• _Work required_: For this exercise, retype all the data exactly and exclude every image.

• _Data excerpt_:

▬▬▬▬▬▬

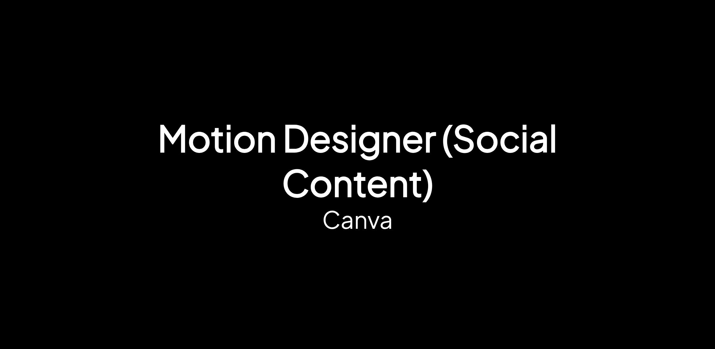 We’re looking for a Motion Designer (Social Content). A creative skilled in animation, motion graphics, and short-to-mid-form video storytelling. This role focuses on creating high-quality video assets, animation sequences, transitions, visual effects, and narrative-driven content for Canva’s content library.
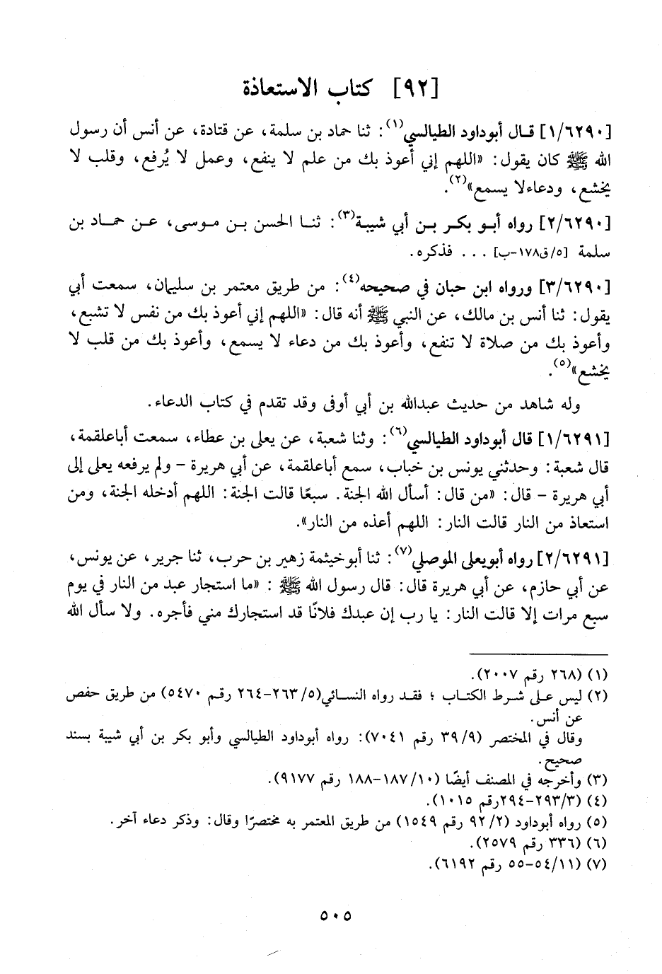 6290 / 1 - قَالَ أَبُو دَاوُدَ الطَّيَالِسِيُّ: ثَنَا حَمَّادُ بْنُ سَلَمَةَ، عَنْ قَتَادَةَ، عَنْ أَنَسٍ أَنّ رَسُولَ اللَّهِ - صَلَّى اللَّهُ عَلَيْهِ وَسَلَّمَ - كَانَ يَقُولُ: "اللَّهُمَّ إني أعوذ بك من عِلْمٍ لَا يَنْفَعُ، وَعَمَلٍ لَا يُرفع، وَقَلْبٍ لَا يَخْشَعُ، وَدُعَاءٍ لَا يُسْمَعُ".
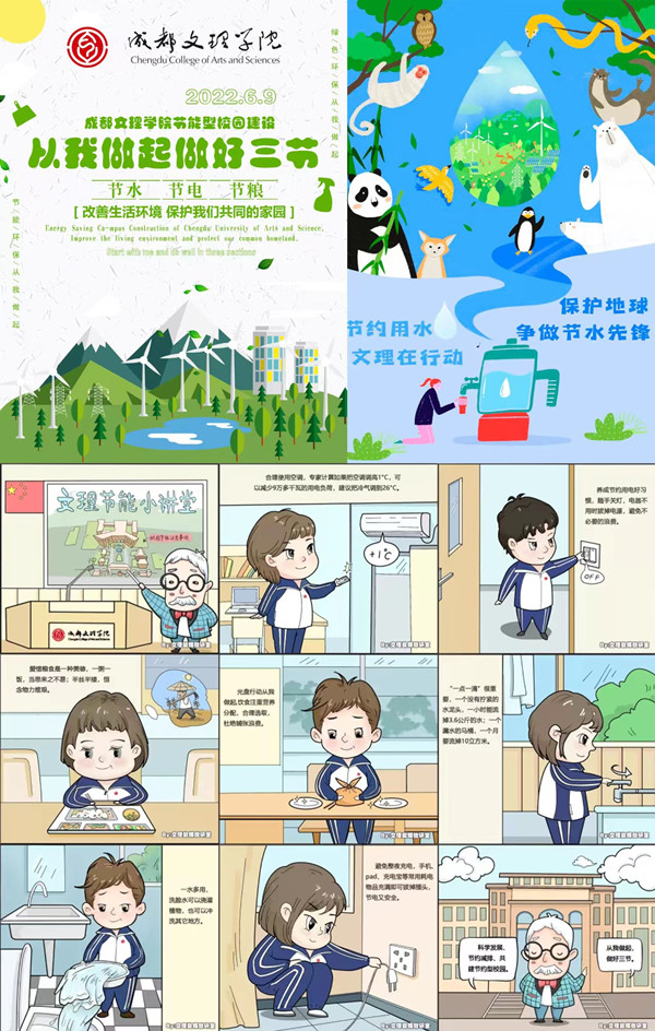 为积极贯彻落实学校节能型校园建设专题会议精神推进学校节能减排工作的开展全面强化师生的节能意识艺术学院开展了节能减排专项工作推进会传达部署相关工作。全院师生积极参与以画说节能减排等系列活动增强师生三节意识。学生工作办公室通过组织多样主题班会活动开展节能减排宣传帮助学生树立生态文明观念培养学生良好的节能意识。辅导员老师们率先垂范以身作则用切身的行动带领同学们将节能减排意识贯彻到生活实践当中为建造良好的

▬▬▬▬▬▬

• _Written answer_:
 We’re looking for a Motion Designer (Social Content). A creative skilled in animation, motion graphics, and short-to-mid-form video storytelling. This role focuses on creating high-quality video assets, animation sequences, transitions, visual effects, and narrative-driven content for Canva’s content library.
 6290 / 1 - قَالَ أَبُو دَاوُدَ الطَّيَالِسِيُّ: ثَنَا حَمَّادُ بْنُ سَلَمَةَ، عَنْ قَتَادَةَ، عَنْ أَنَسٍ أَنّ رَسُولَ اللَّهِ - صَلَّى اللَّهُ عَلَيْهِ وَسَلَّمَ - كَانَ يَقُولُ: "اللَّهُمَّ إني أعوذ بك من عِلْمٍ لَا يَنْفَعُ، وَعَمَلٍ لَا يُرفع، وَقَلْبٍ لَا يَخْشَعُ، وَدُعَاءٍ لَا يُسْمَعُ".
 为积极贯彻落实学校节能型校园建设专题会议精神推进学校节能减排工作的开展全面强化师生的节能意识艺术学院开展了节能减排专项工作推进会传达部署相关工作。全院师生积极参与以画说节能减排等系列活动增强师生三节意识。学生工作办公室通过组织多样主题班会活动开展节能减排宣传帮助学生树立生态文明观念培养学生良好的节能意识。辅导员老师们率先垂范以身作则用切身的行动带领同学们将节能减排意识贯彻到生活实践当中为建造良好的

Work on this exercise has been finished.